Bishop Irenaeus of Lyon, who wrote Against Heresies at the same time that Celsus published his Discourse, opposes the apostolic doctrine he professed to what he called false gnosis, that is, the doctrines of Simon, Menander, Saturninus, Basilides, Marcion, Valentinus, Carpocrates, Cerinthus, and so many others: orthodox faith, based on the apostles’ teaching, transmitted by episcopal succession, and condensed in the so-called Rule of Faith, would constitute the true gnosis; any other Christian teaching that deviated from this standard would be nothing but a lie. Justin would have added “diabolical” lie, for he believed that heretical teachings came to ‘divide’ (diabolus as that which divides) those who invoke Christ as savior.
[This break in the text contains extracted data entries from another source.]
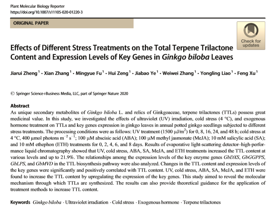 2020年5月,我院2018级硕士研究生郑嘉瑞以第一作者身份在Springer旗下期刊Plant Molecular Biology Reporter发表题为“Effects of Different Stress Treatments on the Total Terpene Trilactone Content and Expression Levels of Key Genes in Ginkgo biloba Leaves”()的论文(图1),通讯作者为廖咏玲博士和许锋教授,威廉williamhill为第一署名单位。
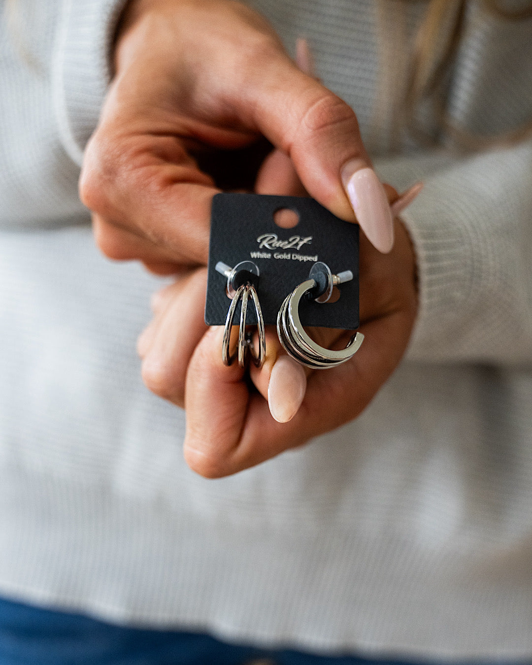 Three Line Layered Half Hoop Earrings - Color Options Available!
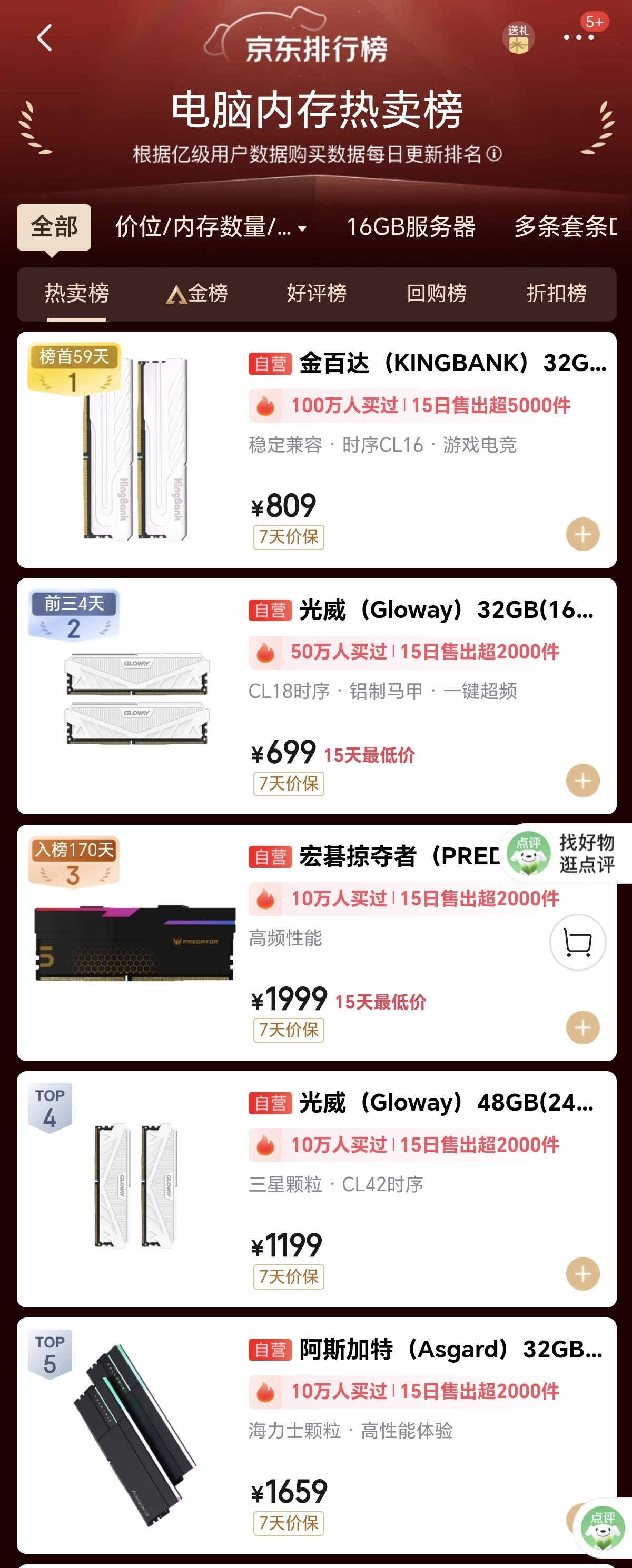 京东销量前5的内存,三个都是嘉合劲威旗下的,基金经理和游资大佬们都来抱团吧,70亿市值到500亿还有5倍空间

Tertullian goes in the same direction: heresies, as parallel paths, divert the faithful from the simple faith of the Gospel:

where does the search end? Where is the abode of belief? Where do discoveries cease? With Marcion? But Valentinus also says: seek and you shall find. Then, with Valentinus? Now Apelles knocks at my door. Ebion, Simon, and all the others, one after the other, use the same artifice to insinuate themselves to me and attract me to them. As long as I hear from all sides seek and you shall find, I will never reach the end; it seems I have never learned what Christ taught, what is worth seeking, what is necessary to believe. (TERTULLIAN, 1957, p. 103-104)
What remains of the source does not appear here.